◆ **What the task requires**
Copy the records word for word, omitting all pictures.

================

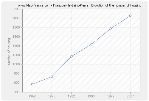 The number of housing of Franqueville-Saint-Pierre was 2 056 in 2007, 1 780 in 1999, 1 434 in 1990, 1 176 in 1982, 738 in 1975 and 573 in 1968.
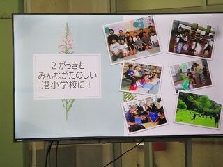 校長からは、「2学期もみんなが楽しい港小学校にしましょう!」「そのためには、どうしたらいいかな?」という話をしました。子どもたちは、急に聞かれても難しいという感じでしたが、一生懸命考えていました。「みんなで助け合う」「元気なあいさつを続ける」「運動会をがんばる」などの意見がでました。また、2学期を過ごしていく中で、「チームみなと」みんなで考え、行動できるようにがんばっていきたいと思います。そして、子どもたち一人一人のよさを更に伸ばすことができるよう、全職員で指導・支援していきたいと思います。2学期も、ご協力・ご支援をよろしくお願いいたします。
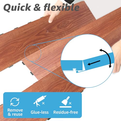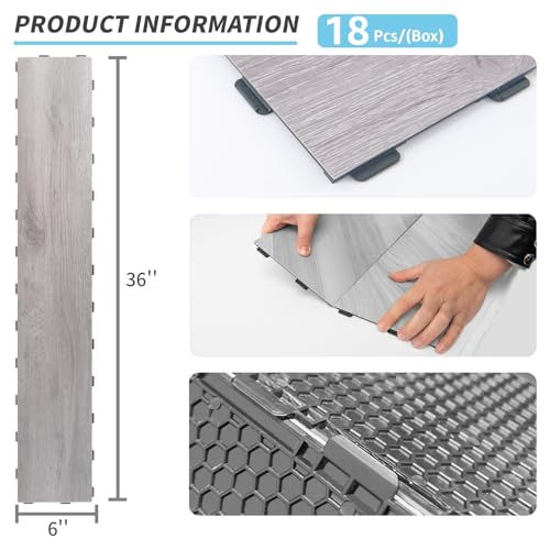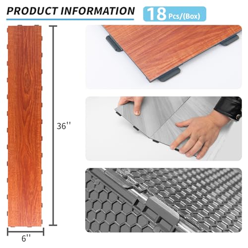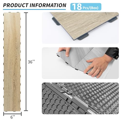 Art3d Interlocking Luxury Vinyl Flooring Tile, Wood Floor Plank for Kitchen Bathroom - Waterproof, Anti-Slip, Wear-Resistant, Reusable - 36 x 6 Inch, 18-Pack Cover 27 Sq. Ft
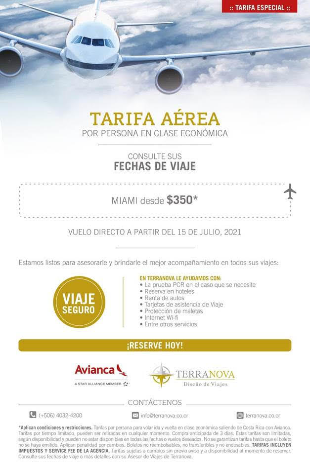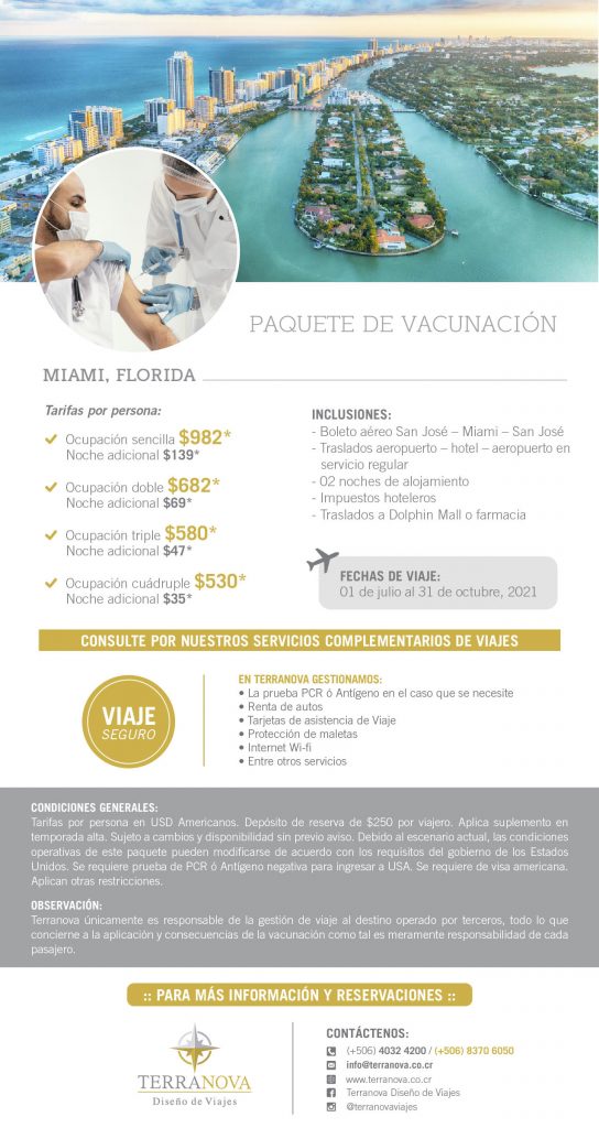 Pueden contactarlos mediante WhatsApp al 8370-6050, al correo info@terranova.co.cr o en la página web terranova.co.cr para obtener el precio de Asociado. La Asociación les ofrece un crédito de hasta 600,000 colones a 6 meses plazo para cubrir los gastos de viaje. Quiere vacunarse en USA o planear un viaje de 1 dia en Costa Rica, favor ver los adjuntos.
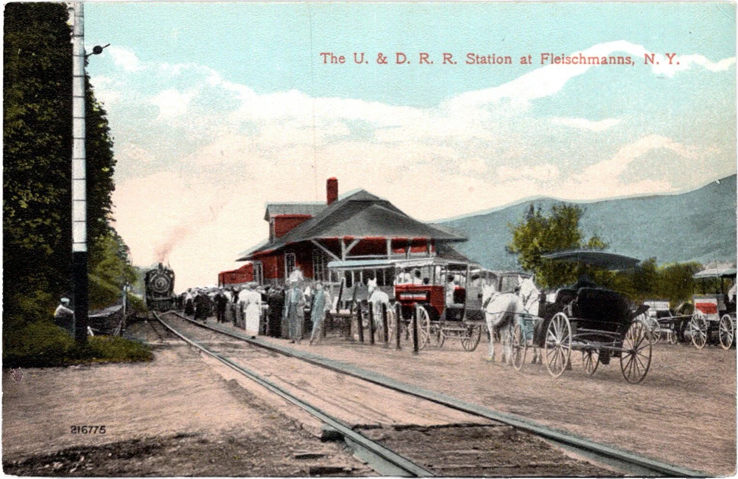 In the 1870s, a railroad was built from Kingston and was eventually known as the Ulster & Delaware Railroad. The new mode of transportation suddenly opened the area to visitors from New York City, and from farther away. A trip that had taken many difficult hours (or days) on the rough roads suddenly became a matter of hours.
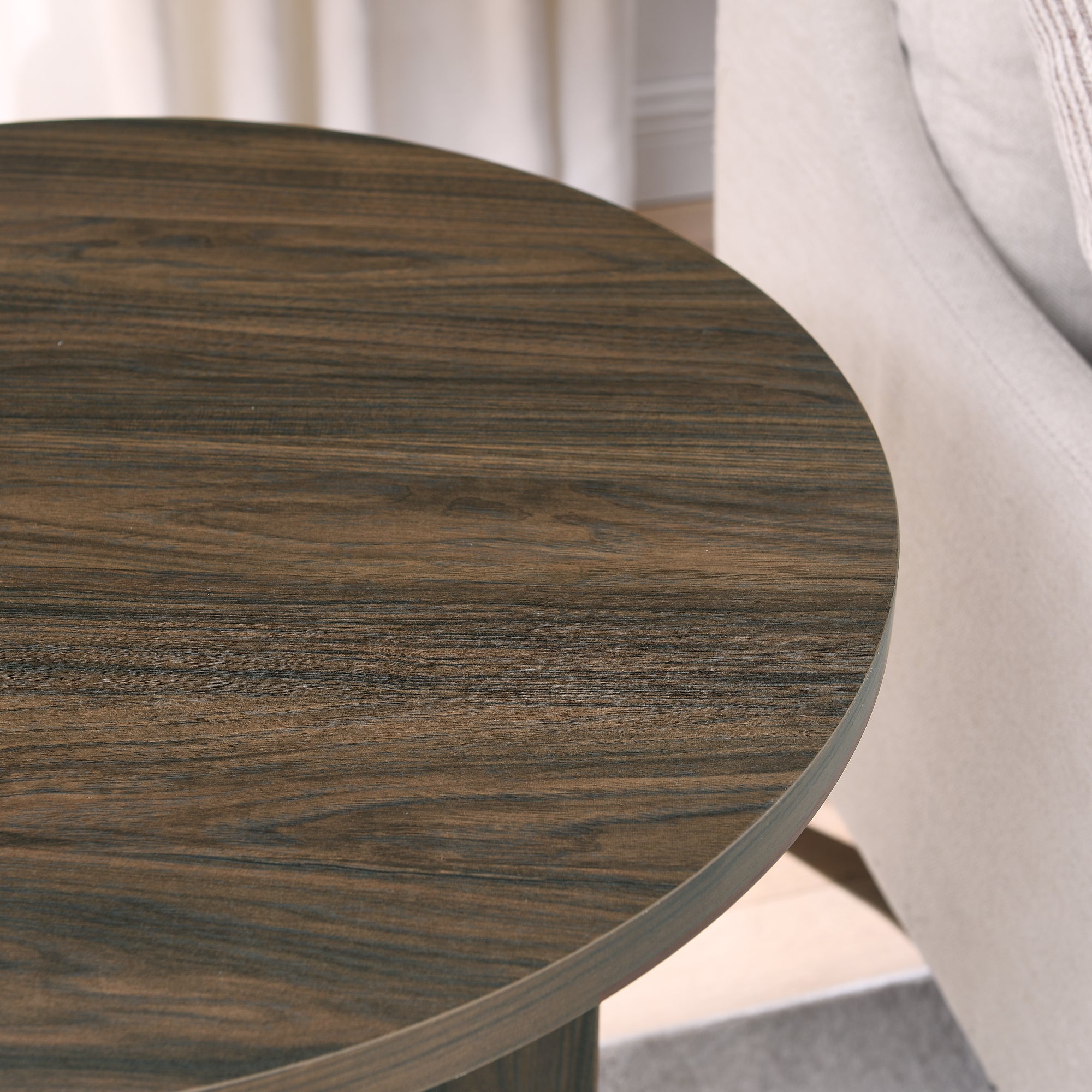• This coffee table is made of high-quality materials. The overall material is high-density MDF board, and the surface uses triamine veneer technology. Waterproof, moisture-proof and easy to clean. The table legs are made of thickened MDF high-density board, which has a solid structure and full texture.

================

◆ **Result for this task**
 The number of housing of Franqueville-Saint-Pierre was 2 056 in 2007, 1 780 in 1999, 1 434 in 1990, 1 176 in 1982, 738 in 1975 and 573 in 1968.
 校長からは、「2学期もみんなが楽しい港小学校にしましょう!」「そのためには、どうしたらいいかな?」という話をしました。子どもたちは、急に聞かれても難しいという感じでしたが、一生懸命考えていました。「みんなで助け合う」「元気なあいさつを続ける」「運動会をがんばる」などの意見がでました。また、2学期を過ごしていく中で、「チームみなと」みんなで考え、行動できるようにがんばっていきたいと思います。そして、子どもたち一人一人のよさを更に伸ばすことができるよう、全職員で指導・支援していきたいと思います。2学期も、ご協力・ご支援をよろしくお願いいたします。
 Art3d Interlocking Luxury Vinyl Flooring Tile, Wood Floor Plank for Kitchen Bathroom - Waterproof, Anti-Slip, Wear-Resistant, Reusable - 36 x 6 Inch, 18-Pack Cover 27 Sq. Ft
 Pueden contactarlos mediante WhatsApp al 8370-6050, al correo info@terranova.co.cr o en la página web terranova.co.cr para obtener el precio de Asociado. La Asociación les ofrece un crédito de hasta 600,000 colones a 6 meses plazo para cubrir los gastos de viaje. Quiere vacunarse en USA o planear un viaje de 1 dia en Costa Rica, favor ver los adjuntos.
 In the 1870s, a railroad was built from Kingston and was eventually known as the Ulster & Delaware Railroad. The new mode of transportation suddenly opened the area to visitors from New York City, and from farther away. A trip that had taken many difficult hours (or days) on the rough roads suddenly became a matter of hours.
• This coffee table is made of high-quality materials. The overall material is high-density MDF board, and the surface uses triamine veneer technology. Waterproof, moisture-proof and easy to clean. The table legs are made of thickened MDF high-density board, which has a solid structure and full texture.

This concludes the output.